The vulnerability's impact extends far beyond the vCenter server itself. vCenter is the management plane for VMware virtualized infrastructure — an attacker who achieves RCE on vCenter gains the ability to control, snapshot, clone, and destroy every virtual machine under its management. In environments where VMware vSphere hosts domain controllers, databases, and critical application servers, vCenter compromise equals complete infrastructure takeover.
The Plugin Vulnerability: How CVE-2021-21985 Achieves Unauthenticated RCE
VMware vCenter Server ships with a set of pre-installed plugins that extend its management capabilities. One of these — the Virtual SAN (vSAN) Health Check plugin — is enabled by default even in environments that do not use vSAN storage. CVE-2021-21985 exists in this plugin's input validation handling.
The vSAN Health Check plugin exposes several API endpoints accessible through vCenter's web interface. These endpoints lack proper authentication checks in vulnerable versions, and they fail to validate or sanitize input before using it in backend operations. By sending a specially crafted HTTP request to the vulnerable endpoint, an unauthenticated attacker can inject commands that execute on the underlying operating system.
On Linux-based vCenter Server Appliance (VCSA) installations, code executes as root. On Windows-based vCenter Server installations (deprecated but still in use), code executes as SYSTEM. In both cases, the attacker gains unrestricted operating system access to the vCenter server — from which the entire vSphere infrastructure management plane is accessible.
Affected versions include vCenter Server 6.5, 6.7, and 7.0 before their respective patch releases, as well as Cloud Foundation 3.x and 4.x.
Identify vCenter instances
Scan for VMware vCenter Server web interfaces exposed on port 443. The vSphere Client login page is distinctive. Thousands of vCenter instances are directly internet-exposed; many more are reachable from internal network footholds.
Target vSAN Health Check plugin
Send unauthenticated HTTP requests to the vulnerable vSAN Health Check plugin API endpoint. No session token, cookie, or credential is required — the endpoint is accessible without authentication in affected versions.
Inject payload
Supply malicious input in the request that triggers unsanitized backend execution. The plugin processes the input and executes the injected commands as root (Linux VCSA) or SYSTEM (Windows vCenter).
Establish persistence on vCenter
Deploy a web shell or implant on the vCenter server, or create a new SSO administrator account for persistent access. vCenter's built-in user store allows account creation from the OS level.
Extend control across VMware infrastructure
From vCenter, issue commands to ESXi hosts — power off VMs, take snapshots (capturing memory with credentials), deploy new VMs from attacker-controlled templates, or encrypt virtual machine disk files directly at the hypervisor layer.

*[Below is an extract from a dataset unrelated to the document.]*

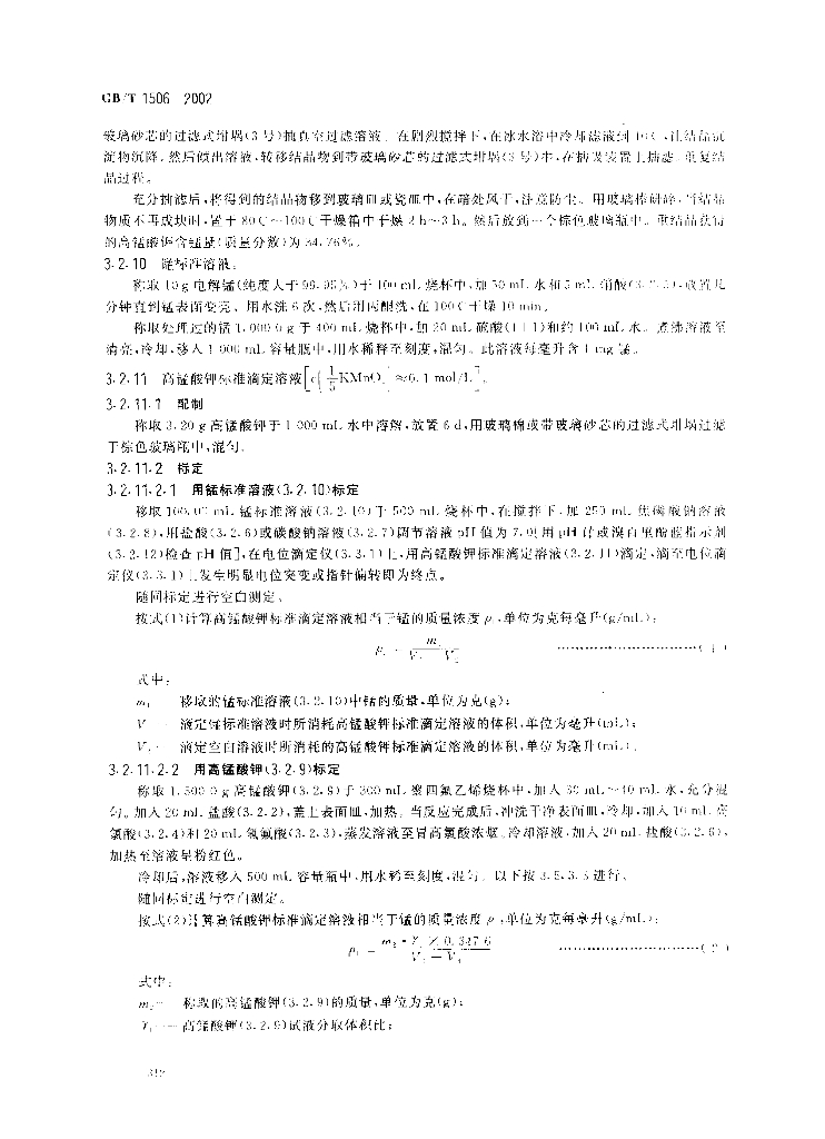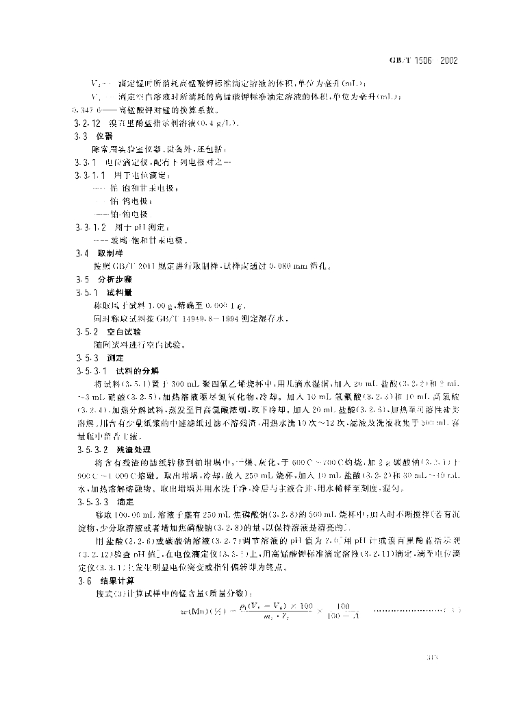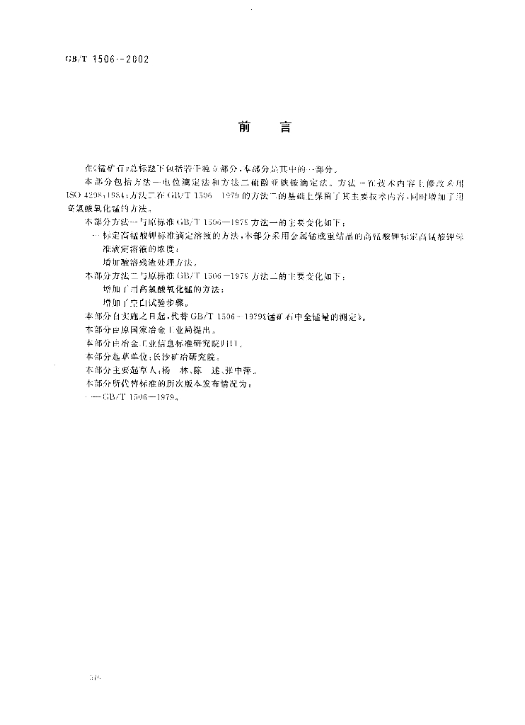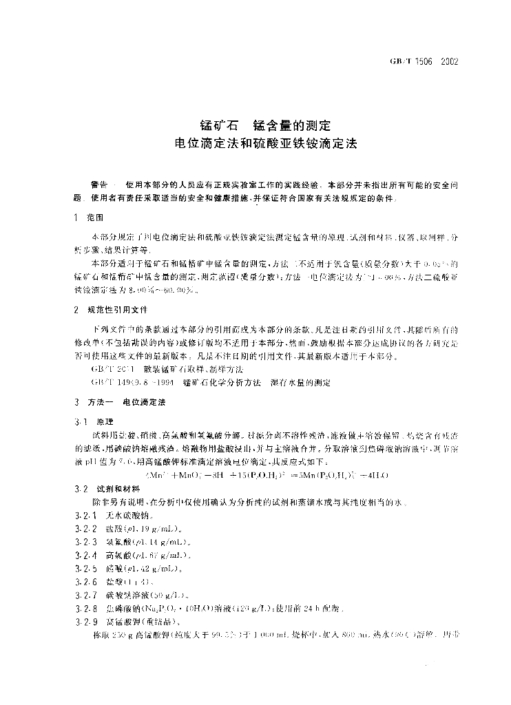 CB/T 1506-2002 锰矿石锰含量的测定电位滴定法和硫酸亚铁铵滴定法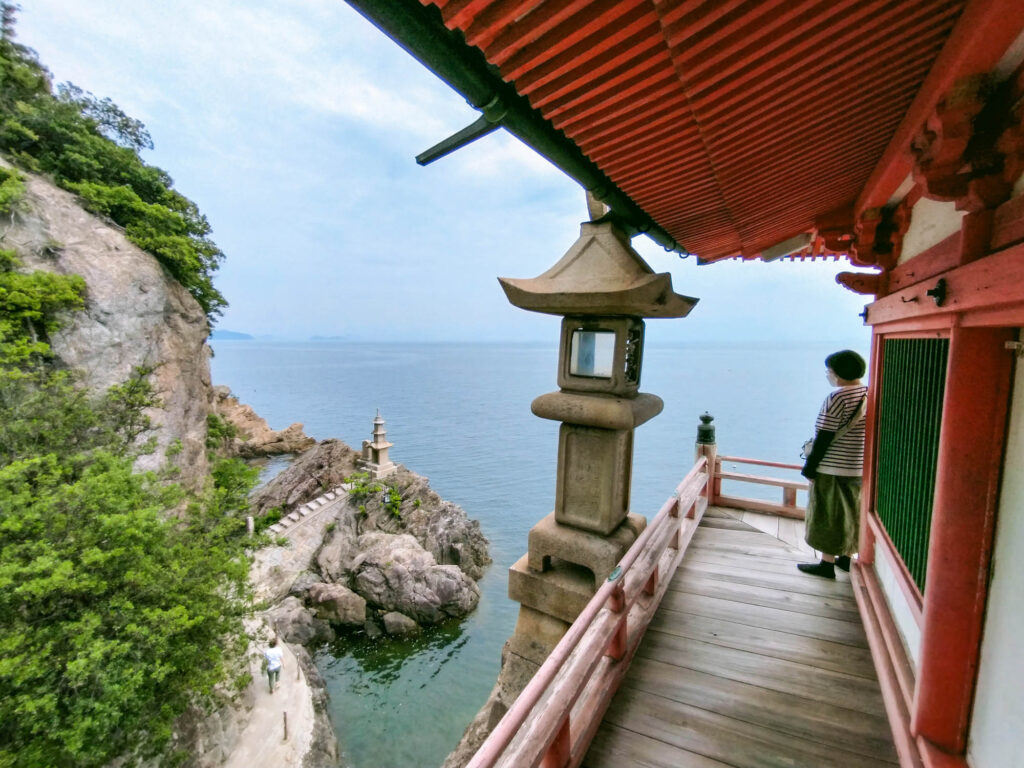 海ゆく人に感嘆してもらうための寺社建築。この下の海を行き来する舟人は、海上から賽銭を奉じる習わしがあったという。よく知られた観光地だが一見する価値あり。江戸時代の港湾施設や町並みを残す景勝地「鞆の浦」も近い。

Why vCenter Compromise is a Crown Jewel Attack
vCenter Server occupies a unique position in enterprise infrastructure: it is the administrative control plane for the virtualized environment. In organizations where VMware vSphere hosts the majority of production workloads — a common configuration — a single vCenter compromise provides access to every system those VMs represent.
Attackers who compromise vCenter can perform several uniquely devastating actions not available through traditional endpoint compromise. They can take memory snapshots of running virtual machines, which capture encryption keys, process memory, and credentials from systems that may be otherwise hardened. They can deploy ransomware directly at the VMDK (virtual disk) level by shutting down VMs and encrypting their disk files — bypassing endpoint security agents running inside those VMs entirely. They can clone VMs to exfiltrate entire server environments offline for analysis.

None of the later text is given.